Why won’t my flan release from the dish?
It likely needs more chill time, or the edges need loosening. Refrigerate the full 5 hours, then run a thin knife all the way around before flipping.
Storage & Make-Ahead
Keep the flan covered in the refrigerator for up to 4 days – the texture actually improves on day two as it fully sets. I don’t recommend freezing; the custard turns grainy once thawed. Because it needs a long chill anyway, this is a dessert I almost always make a day ahead, which takes all the pressure off when I’m feeding a full table.
FAQ
What is Venezuelan flan called?
It’s called quesillo. While many countries have their own flan, Venezuelan quesillo is known for the tiny holes throughout the custard, created by blending the eggs until frothy. It’s firmer and more sliceable than a classic French crème caramel.

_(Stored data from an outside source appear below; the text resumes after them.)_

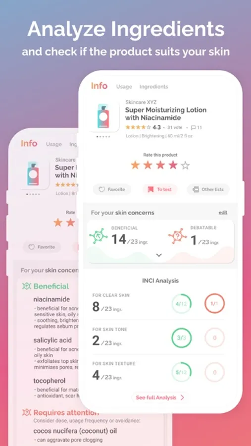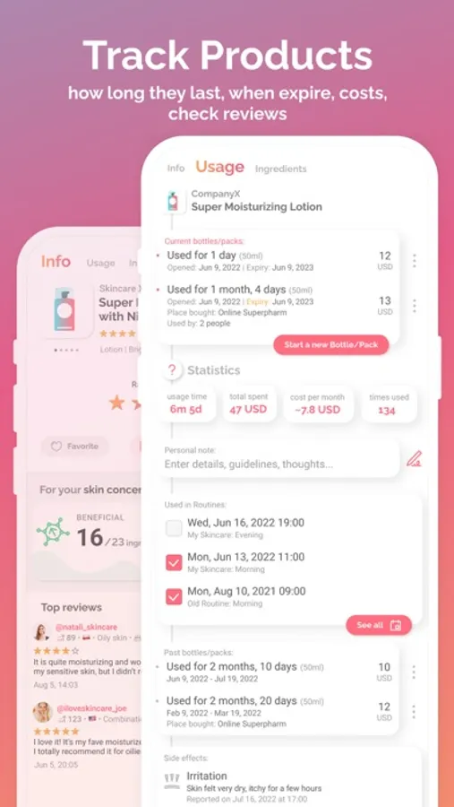 - Organise products in lists like “Best cleansers”, “All my moisturizers”, etc.
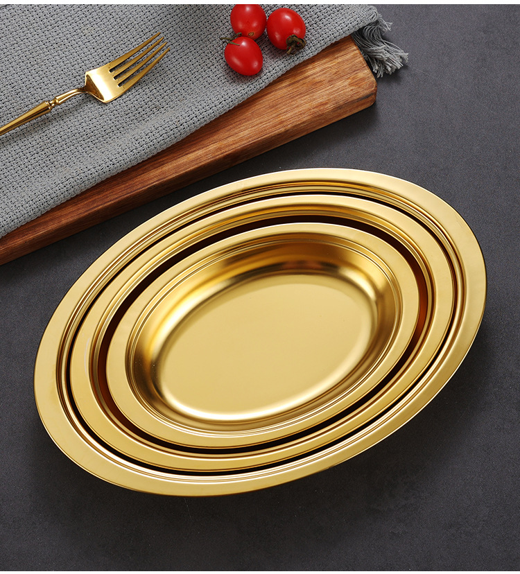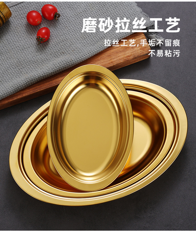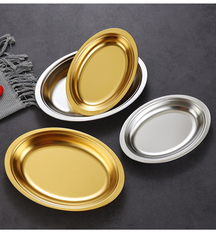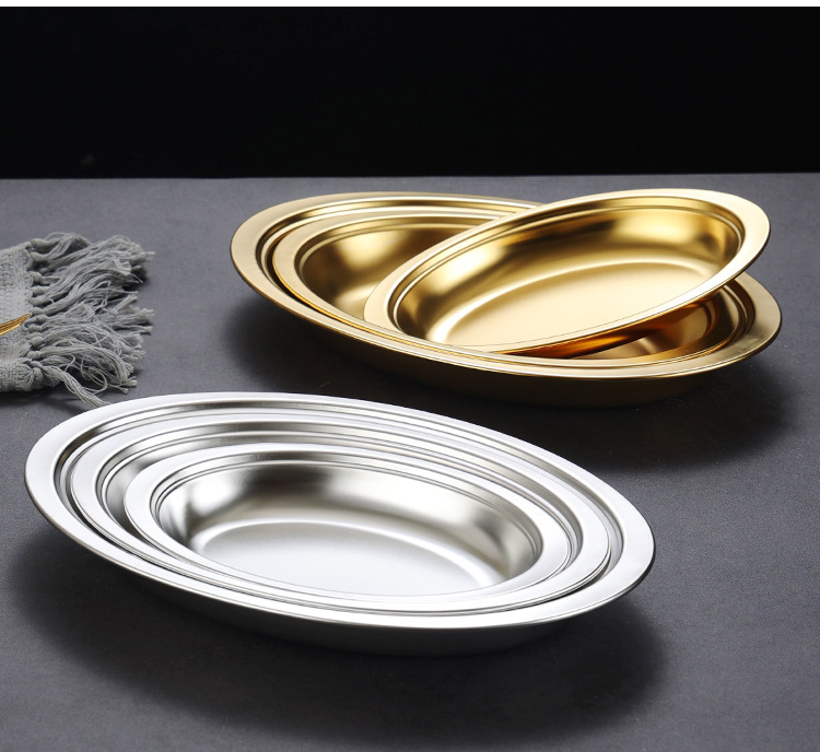 한국식 스테인레스 스틸 깊어진 타원형 플레이트 치즈 플레이트 찐 생선 스페셜 플레이트 미장판 두꺼운 계란 모양 판
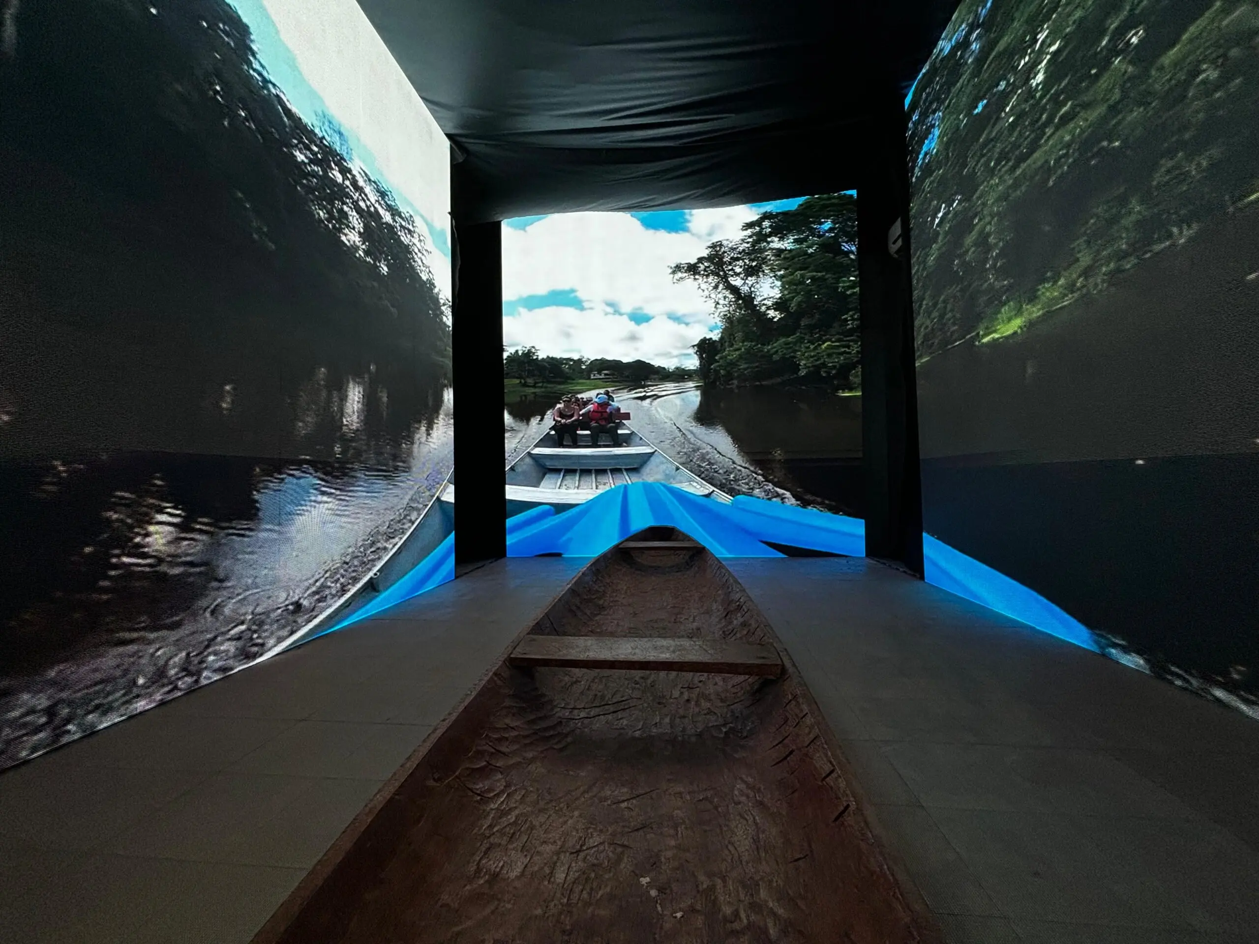 A parte do estande dedicada à trilha de Chico Mendes simula uma caminhada pela mata, enquanto outra área oferece uma vivência no Rio Croa com telões de LED que recriam o cenário.
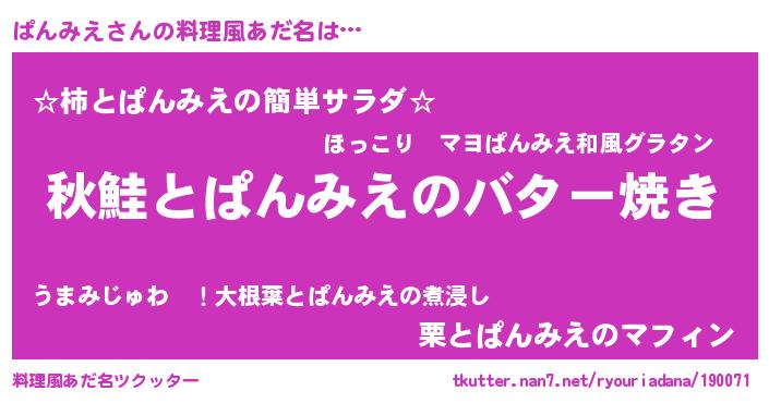 | 胡散臭い通販商品みたいなあだ名 | 『来世でも幸せになれる水素水…その名も「ぱんみえ」』 |
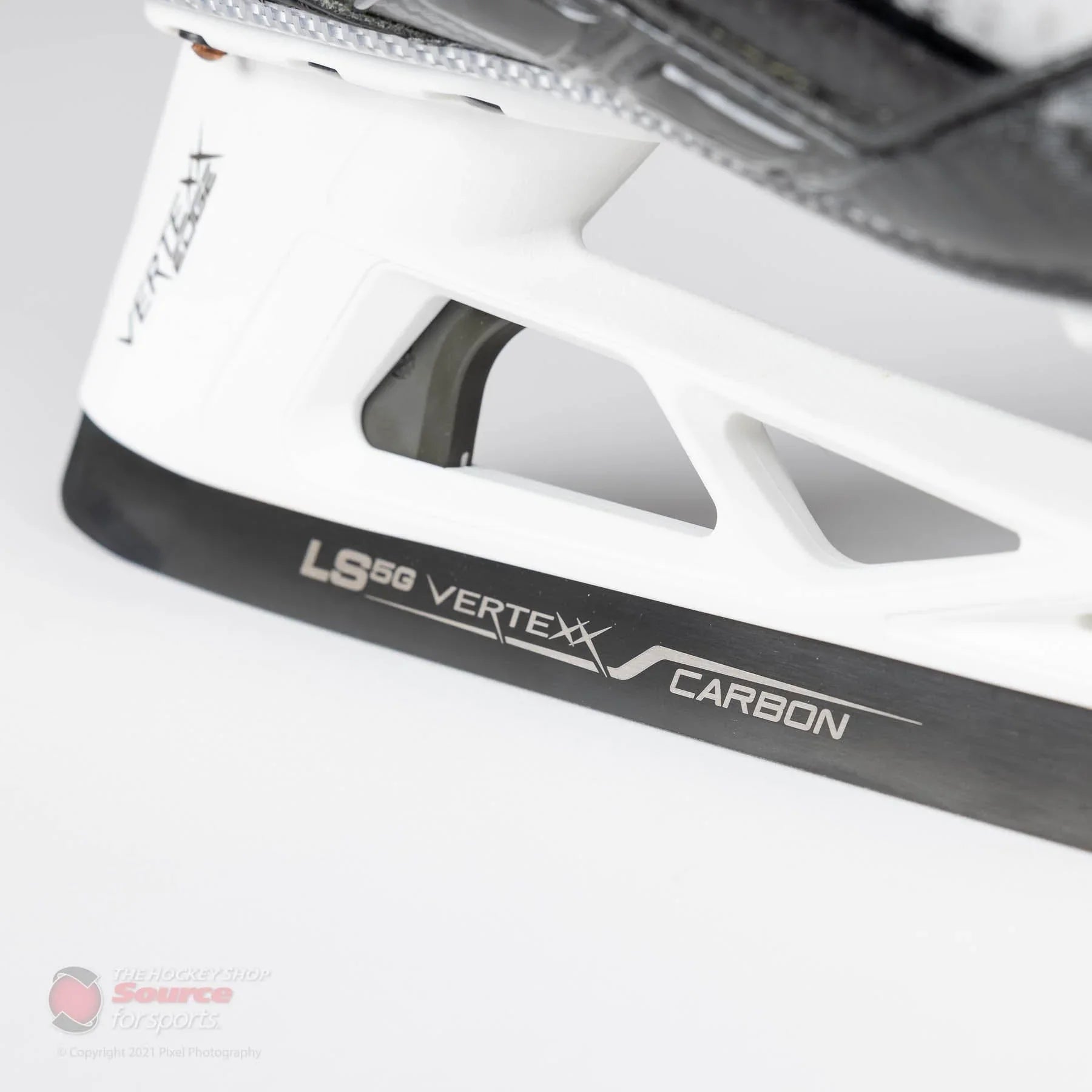 The Pro skates stick with the Vertexx edge holder and LS5G steel combo as seen on all of their elite level goal skates in recent years. The LS5G steel on the Pro skates does feature a new agility profile which does as the name implies by putting goalies slightly more on the ball of their foot.

What’s the difference between flan and quesillo?
Quesillo is the Venezuelan style of flan. The main differences are the signature little holes, the use of whole eggs (not just yolks), and often powdered milk for extra body. The result is a lighter, spongier texture than dense traditional flan.
Can I make Venezuelan flan without a blender?
You can whisk it by hand, but the blender is what creates the classic frothy texture and even holes. If you whisk manually, whisk vigorously for a couple of minutes to work in enough air for that signature quesillo look.
How long does Venezuelan flan need to chill?
At least 5 hours, but overnight is best. The long chill is what lets the custard fully set so it holds its shape and slices cleanly when you flip it. Rushing this step is the most common reason a flan falls apart.
This Venezuelan flan has earned its permanent spot in my kitchen, and I have a feeling it’ll do the same in yours. If you make it, I’d love for you to try it alongside one of my other recipes here – and you can watch exactly how I pulled this quesillo together in my short video. Happy baking from my kitchen to yours.


Venezuelan Flan (Quesillo)
Ingredients
Method
- Melt the extra sugar in a dry pan over medium heat until deep golden amber. Quickly pour into your baking dish, tilting to coat the bottom. Let it cool and harden.
- Add the eggs, milk, powdered milk, sugar, condensed milk, salt, and vanilla to a blender. Blend until completely smooth and frothy.
- Pour the custard through a fine sieve directly over the set caramel for an extra-silky texture.
- Place the dish inside a larger pan filled with hot water (water bath). Bake at 320°F (160°C) for 1 hour, until set with a slight jiggle in the center.
- Let the flan cool completely, then refrigerate at least 5 hours (overnight is best).
- Run a knife around the edges, place a plate on top, and flip. Slice and serve chilled.